TASK DETAILS.
The lines to return run from the start of the material below through the line holding "- LA5833 マックスアンドコー", both included; please give them back exactly, minus the pictures.

*** MATERIAL SHOWN Section Begins ***

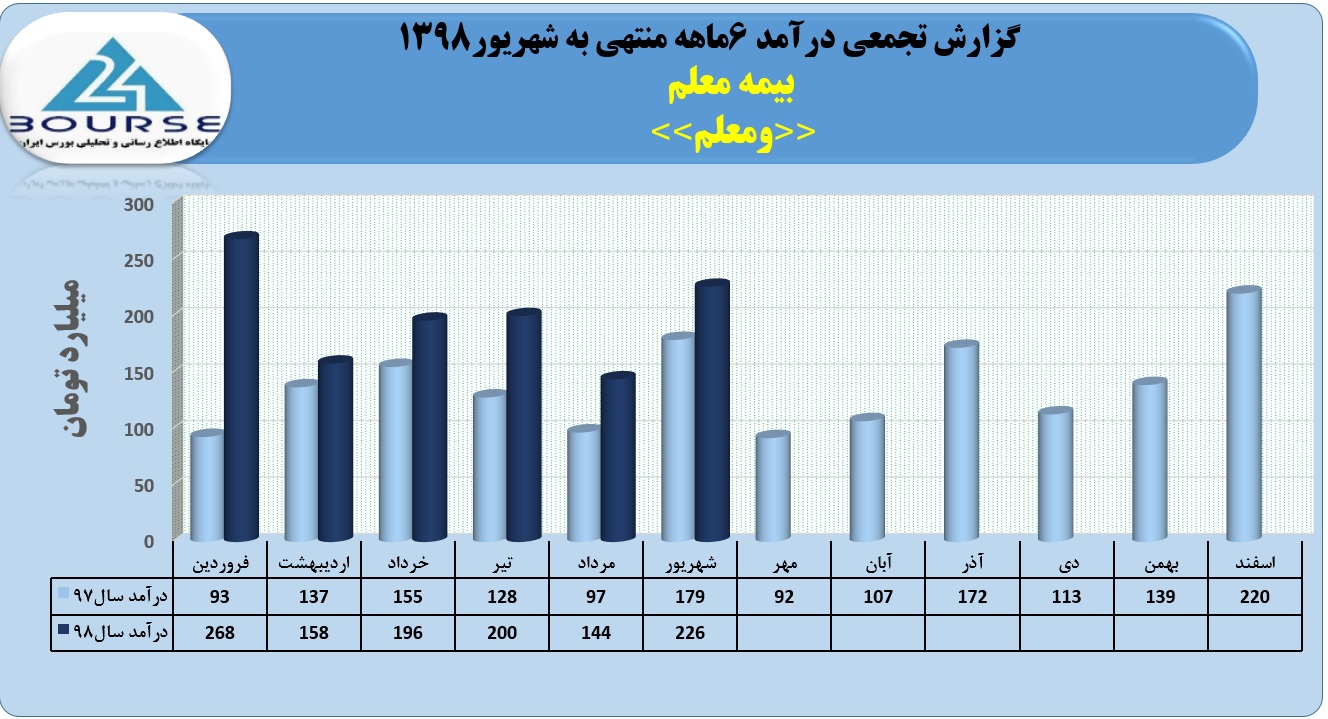 به گزارش کدال نگر بورس ٢۴،شرکت بیمه معلم در ۶ماهه منتهی به شهریور ١٣٩٨ مبلغ ١١٩۴میلیارد تومان از محل حق بیمه صادره درآمد داشته است که ٢٢۶میلیارد تومان از این مبلغ متعلق به شهریور ماه می باشد.
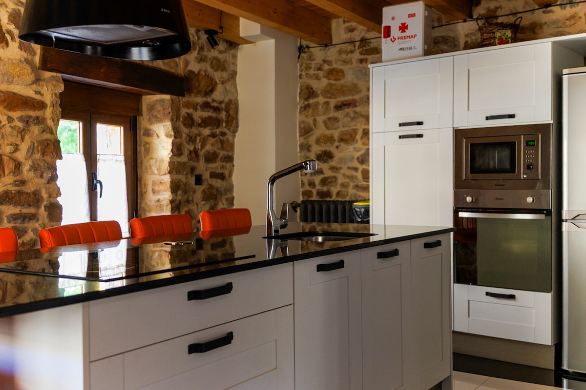 A small traditional Asturian house, restored with the utmost respect for its construction. Located in a high mountain area, very quiet, sunny and with beautiful views. For nature lovers, surrounded by hiking trails, if you are looking to disconnect, tranquility and relax in the middle of nature, it is the ideal place. Digital Nomads Welcome! Distances: Oviedo - 35 minutes (50 kilometers) Gijón - 45 minutes (60 kilometers) Fuentes de Invierno and San Isidro - 25 min. (20km) Beach - 50 min. (62km)
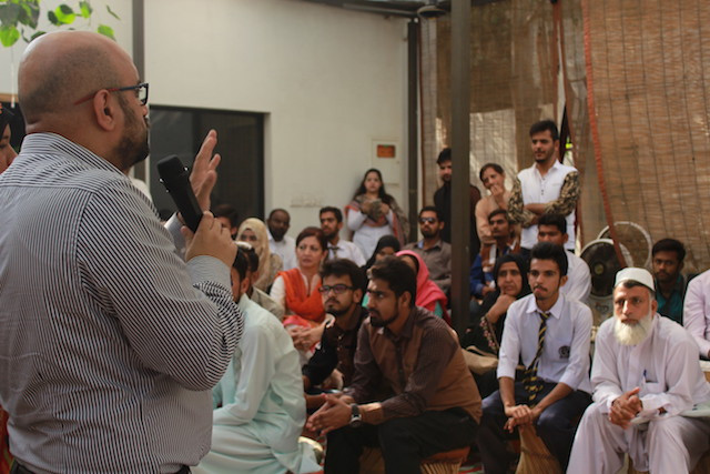 Salman Elahi speaks during the event PHOTO: NOWPDPSalman Elahi began the talk by discussing the challenges he had to face because of being visually impaired and how it has gotten him where he is.
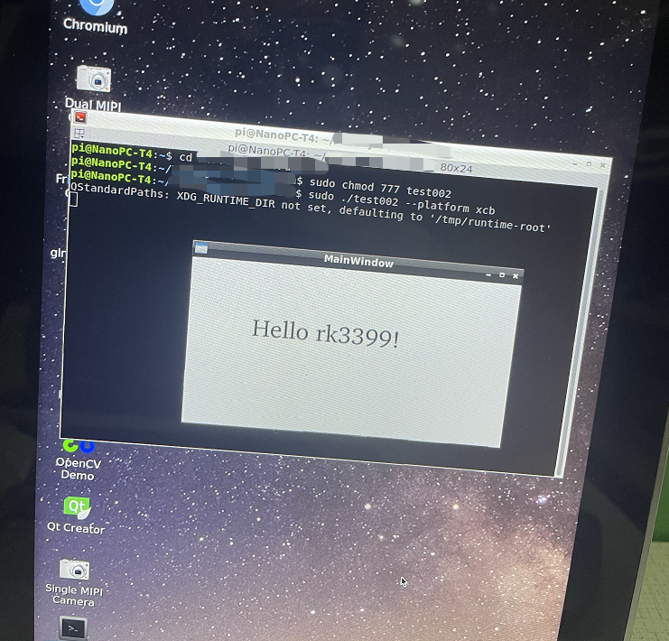 将生成的执行程序和依赖库一同拷贝到rk3399的板子上,放置于同一个目录下,然后赋予权限后运行
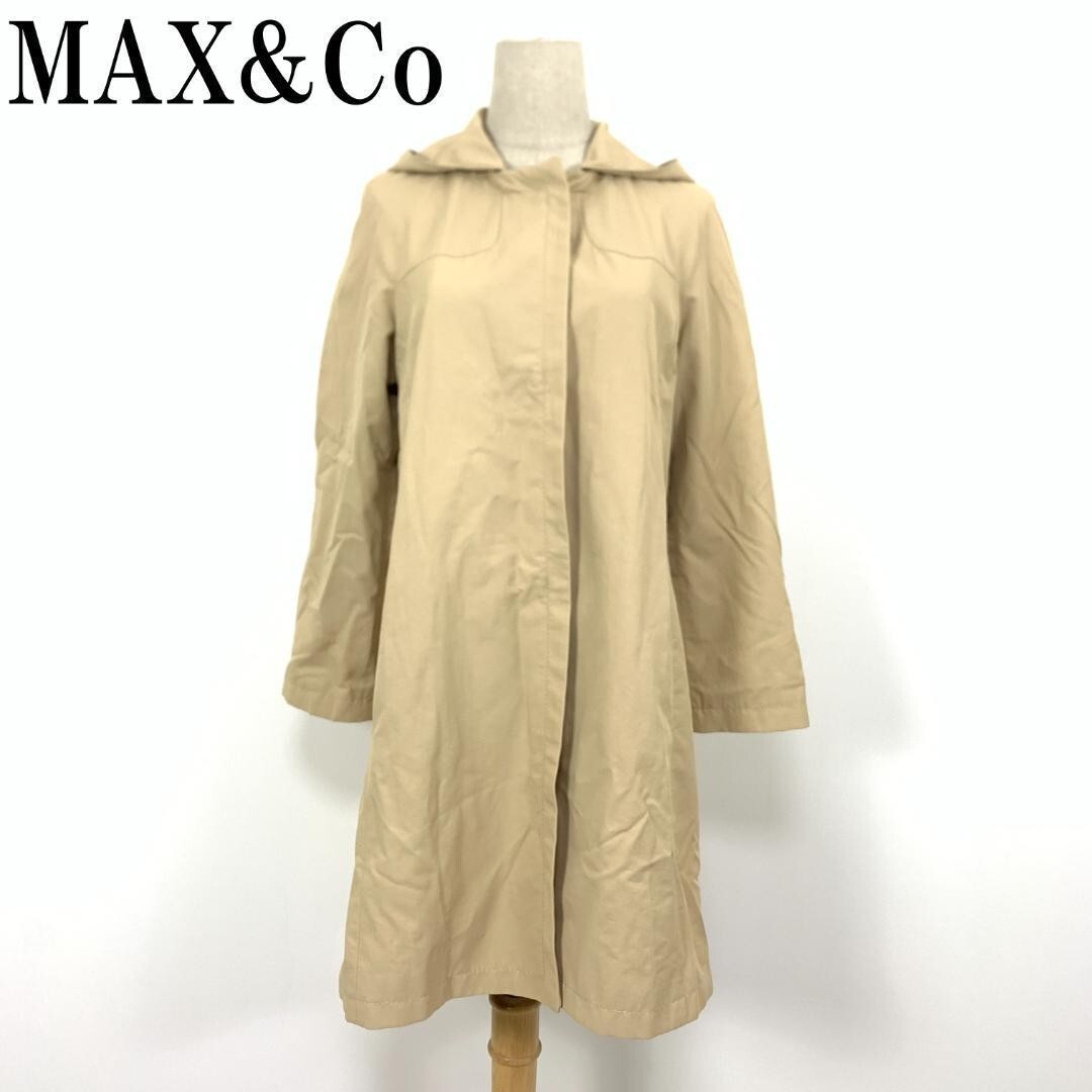 - LA5833 マックスアンドコー ロング ノーカラーコートMAX&Co スプリングコート フード取り外し可能 ステンカラーコート ベージュ 36
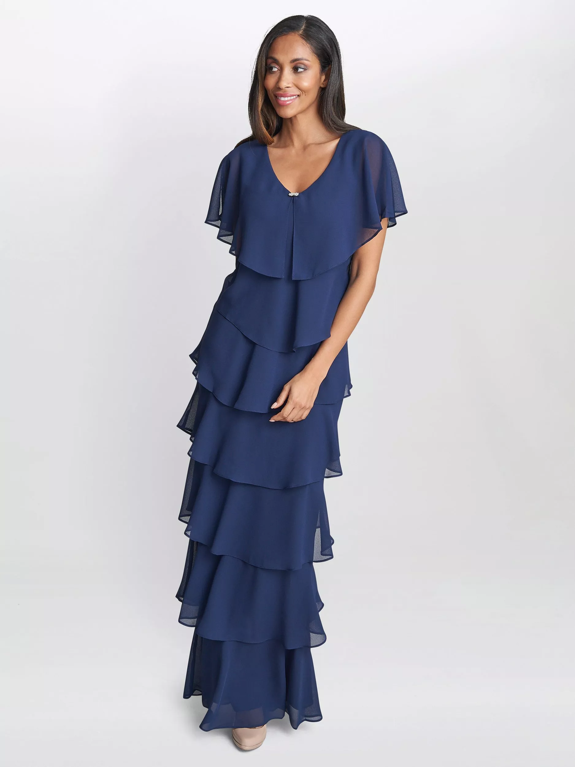 Feel wonderful in this maxi floaty tiered cape dress by Gina Bacconi. This dress takes a modern and flattering shape in layered pebble georgette with diamante detailing at the neck. Perfect for an event, this piece offers both comfort and elegance.

*** MATERIAL SHOWN Section Ends ***

THE COMPLETED TASK.
 به گزارش کدال نگر بورس ٢۴،شرکت بیمه معلم در ۶ماهه منتهی به شهریور ١٣٩٨ مبلغ ١١٩۴میلیارد تومان از محل حق بیمه صادره درآمد داشته است که ٢٢۶میلیارد تومان از این مبلغ متعلق به شهریور ماه می باشد.
 A small traditional Asturian house, restored with the utmost respect for its construction. Located in a high mountain area, very quiet, sunny and with beautiful views. For nature lovers, surrounded by hiking trails, if you are looking to disconnect, tranquility and relax in the middle of nature, it is the ideal place. Digital Nomads Welcome! Distances: Oviedo - 35 minutes (50 kilometers) Gijón - 45 minutes (60 kilometers) Fuentes de Invierno and San Isidro - 25 min. (20km) Beach - 50 min. (62km)
 Salman Elahi speaks during the event PHOTO: NOWPDPSalman Elahi began the talk by discussing the challenges he had to face because of being visually impaired and how it has gotten him where he is.
 将生成的执行程序和依赖库一同拷贝到rk3399的板子上,放置于同一个目录下,然后赋予权限后运行
 - LA5833 マックスアンドコー ロング ノーカラーコートMAX&Co スプリングコート フード取り外し可能 ステンカラーコート ベージュ 36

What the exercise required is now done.